◆ **PROBLEM REQUIREMENTS**: What is needed is an exact copy of the lines from the line holding "Vijayawada  KM between" through the end of the material, with no other lines and no pictures.

◆ **DATA EXTRACT**:

----------------------------------------

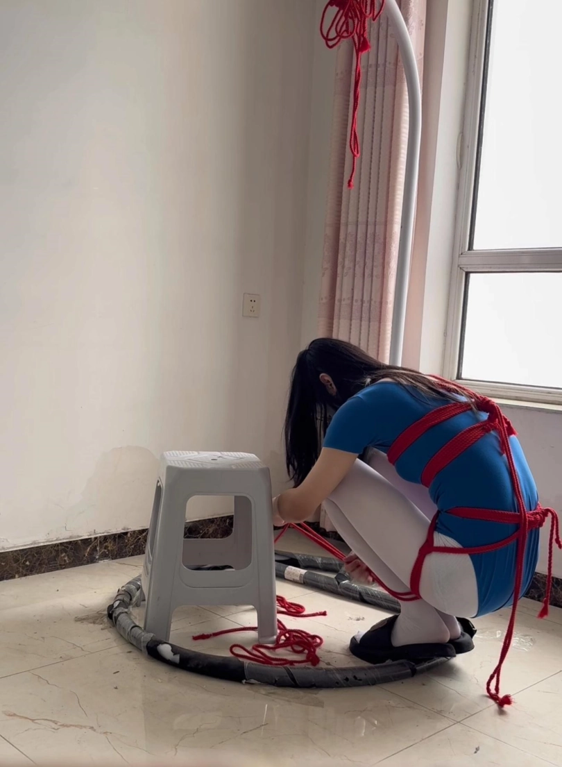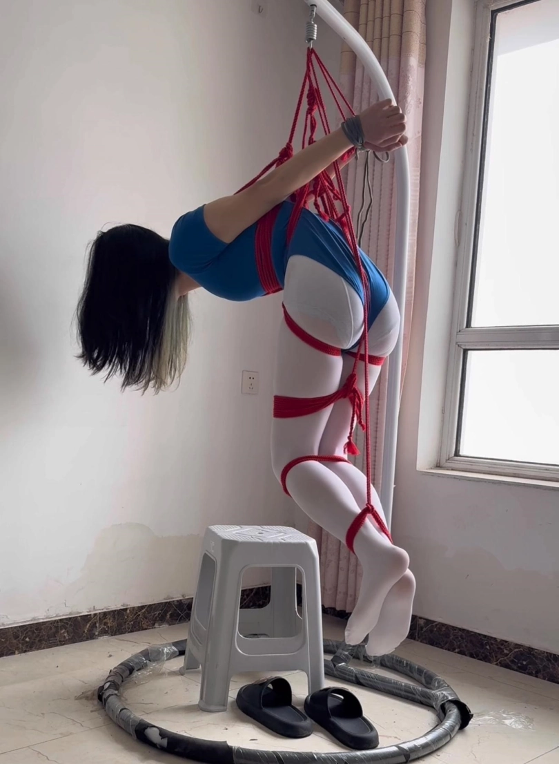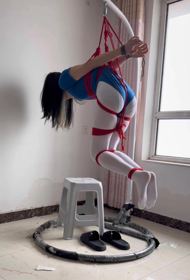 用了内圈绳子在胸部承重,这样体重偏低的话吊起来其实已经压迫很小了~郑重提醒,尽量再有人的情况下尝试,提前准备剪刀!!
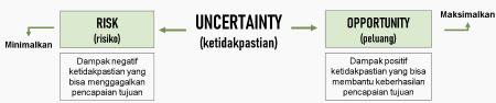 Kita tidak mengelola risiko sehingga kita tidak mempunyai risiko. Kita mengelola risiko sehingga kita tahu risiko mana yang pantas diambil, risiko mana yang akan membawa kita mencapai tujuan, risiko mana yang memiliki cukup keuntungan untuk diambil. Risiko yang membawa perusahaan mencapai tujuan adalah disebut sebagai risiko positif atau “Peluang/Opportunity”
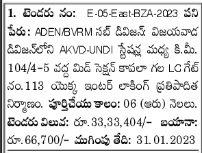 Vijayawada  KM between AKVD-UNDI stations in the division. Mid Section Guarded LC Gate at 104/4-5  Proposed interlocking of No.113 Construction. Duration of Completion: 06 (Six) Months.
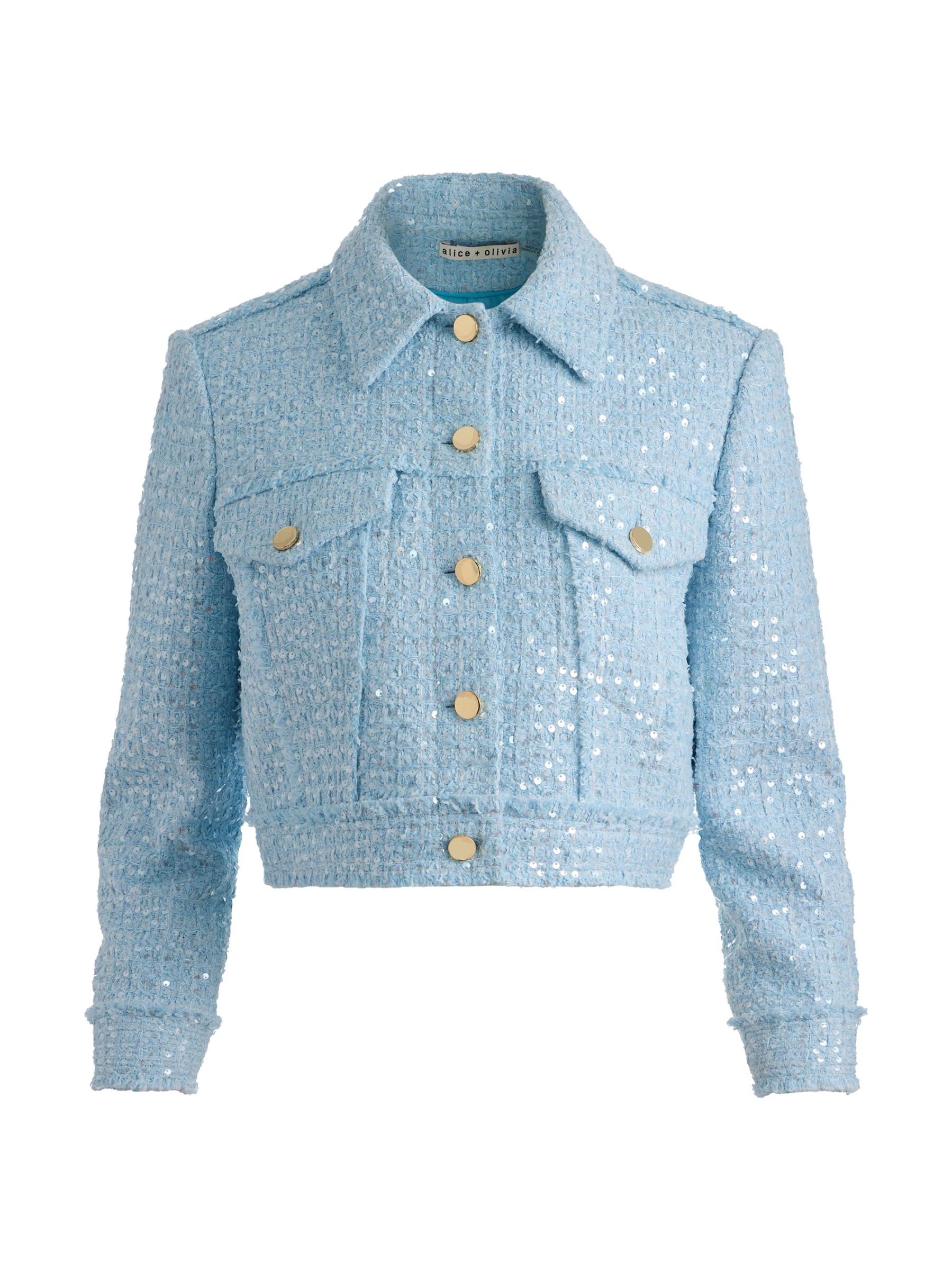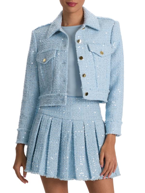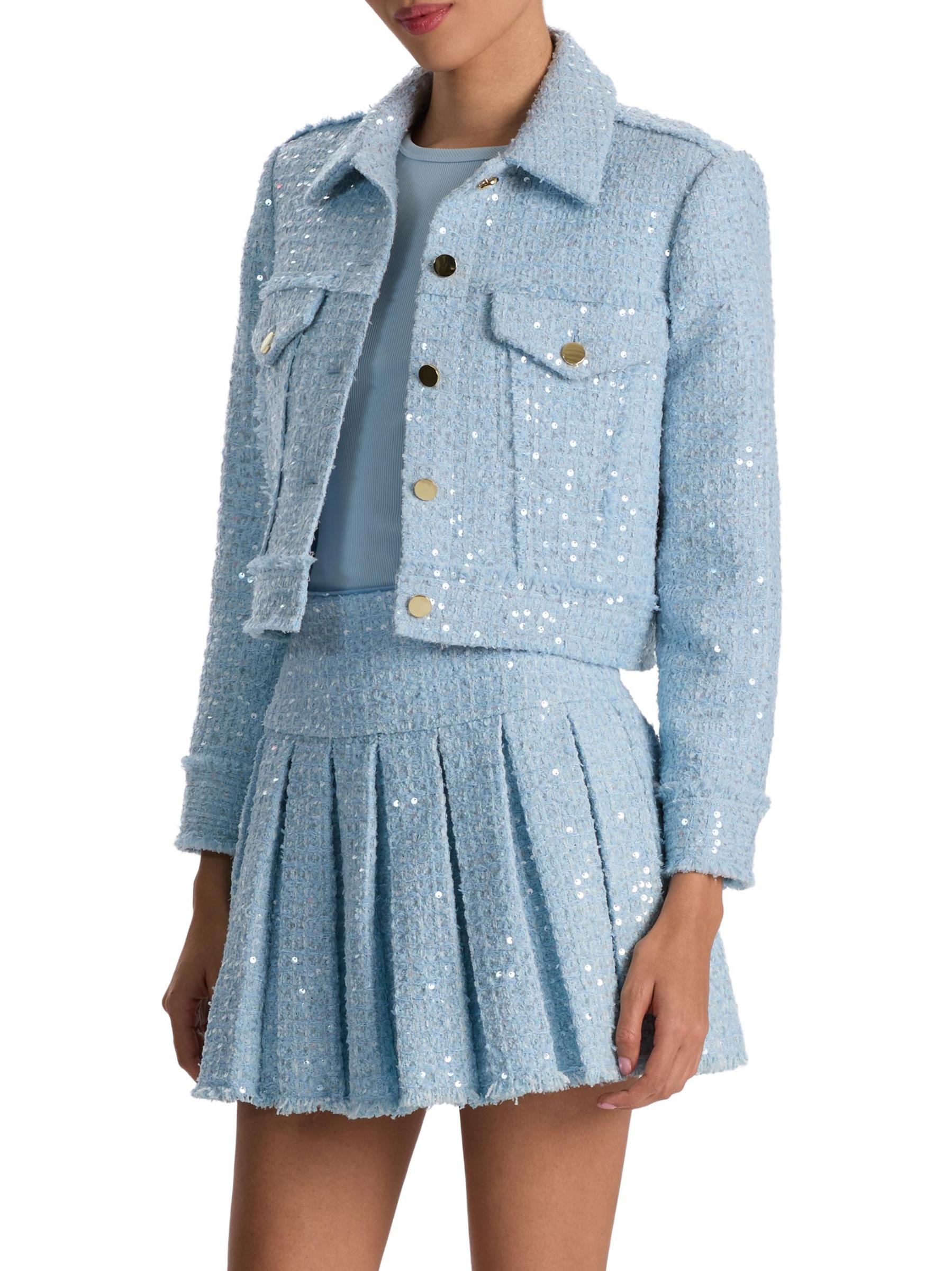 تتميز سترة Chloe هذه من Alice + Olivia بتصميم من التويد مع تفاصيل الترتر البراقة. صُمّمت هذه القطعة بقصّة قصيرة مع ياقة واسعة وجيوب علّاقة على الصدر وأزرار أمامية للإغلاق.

----------------------------------------

◆ **SOLVED PROBLEM**:
 Vijayawada  KM between AKVD-UNDI stations in the division. Mid Section Guarded LC Gate at 104/4-5  Proposed interlocking of No.113 Construction. Duration of Completion: 06 (Six) Months.
 تتميز سترة Chloe هذه من Alice + Olivia بتصميم من التويد مع تفاصيل الترتر البراقة. صُمّمت هذه القطعة بقصّة قصيرة مع ياقة واسعة وجيوب علّاقة على الصدر وأزرار أمامية للإغلاق.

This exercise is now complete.